Pityriasis Versicolor Here’s What You Need To Know About This Skin Condition

What is pityriasis versicolor?

Pityriasis versicolor, also known as tinea versicolor, is a common skin condition caused by an overgrowth of yeast. It’s called pityriasis because the skin rash looks as though it has been dusted with flour (pityriasis means “bran-like” in Greek). It’s also called tinea versicolor because it’s a type of fungal infection that affects the pigment of your skin.

This condition can affect people of any age anywhere on their body, but it usually affects teenagers and young adults aged 16 to 35 years. The rash is more common in hot, humid climates and more likely to affect people with oily skin.

What are the symptoms?

Pityriasis versicolor usually causes patches of discolored skin. These patches may be:

redder or paler than the surrounding skin

scaly or flaky

dry or greasy to touch

Pityriasis versicolor is a common skin condition which causes scaly patches of skin to appear. It’s also known as tinea versicolor. The patches can be of different colours and usually develop on the back, chest, neck or upper arms.

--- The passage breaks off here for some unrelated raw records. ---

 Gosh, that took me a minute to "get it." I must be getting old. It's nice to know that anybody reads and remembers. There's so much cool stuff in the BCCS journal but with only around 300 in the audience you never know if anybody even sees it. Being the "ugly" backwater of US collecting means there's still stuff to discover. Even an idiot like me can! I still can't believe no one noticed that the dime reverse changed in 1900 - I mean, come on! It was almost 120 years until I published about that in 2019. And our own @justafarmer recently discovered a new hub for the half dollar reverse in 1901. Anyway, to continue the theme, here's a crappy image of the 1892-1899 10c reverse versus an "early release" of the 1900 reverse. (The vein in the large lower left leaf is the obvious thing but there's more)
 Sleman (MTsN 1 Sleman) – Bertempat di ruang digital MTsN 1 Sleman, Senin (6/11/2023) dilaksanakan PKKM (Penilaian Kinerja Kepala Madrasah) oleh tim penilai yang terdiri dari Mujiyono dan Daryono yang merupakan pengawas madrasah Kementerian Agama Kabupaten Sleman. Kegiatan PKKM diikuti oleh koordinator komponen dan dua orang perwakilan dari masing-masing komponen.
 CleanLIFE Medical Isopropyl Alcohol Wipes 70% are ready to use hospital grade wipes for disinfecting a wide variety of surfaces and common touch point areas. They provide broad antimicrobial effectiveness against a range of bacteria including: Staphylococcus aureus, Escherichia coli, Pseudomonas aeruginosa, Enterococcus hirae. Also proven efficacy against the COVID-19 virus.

Pityriasis versicolor is caused by a yeast infection on the skin, which is harmless. The yeast that causes the condition lives naturally on our skin but sometimes it multiplies more than usual and causes symptoms to develop.

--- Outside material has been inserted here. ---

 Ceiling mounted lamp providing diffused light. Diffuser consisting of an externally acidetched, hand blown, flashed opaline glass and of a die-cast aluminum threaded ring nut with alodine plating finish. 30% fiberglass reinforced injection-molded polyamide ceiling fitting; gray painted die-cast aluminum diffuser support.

The condition can affect people of any age but it’s most common in teenagers and young adults. It’s most common in hot countries or during hot weather because the yeast thrives in warm, humid conditions. You’re also at increased risk if you have oily skin, a weakened immune system or hormonal problems like hyperthyroidism.

It usually starts with small pinkish-brown spots that gradually get bigger and become lighter in colour as they spread across your skin. They usually don’t cause any other symptoms but they may be itchy.

Most cases of pityriasis versicolor are mild and don’t need treatment, but it may take months or years for your natural skin colour to return after the

Pityriasis versicolor is a skin condition that affects the upper body and neck. It is caused by yeast found naturally on the body.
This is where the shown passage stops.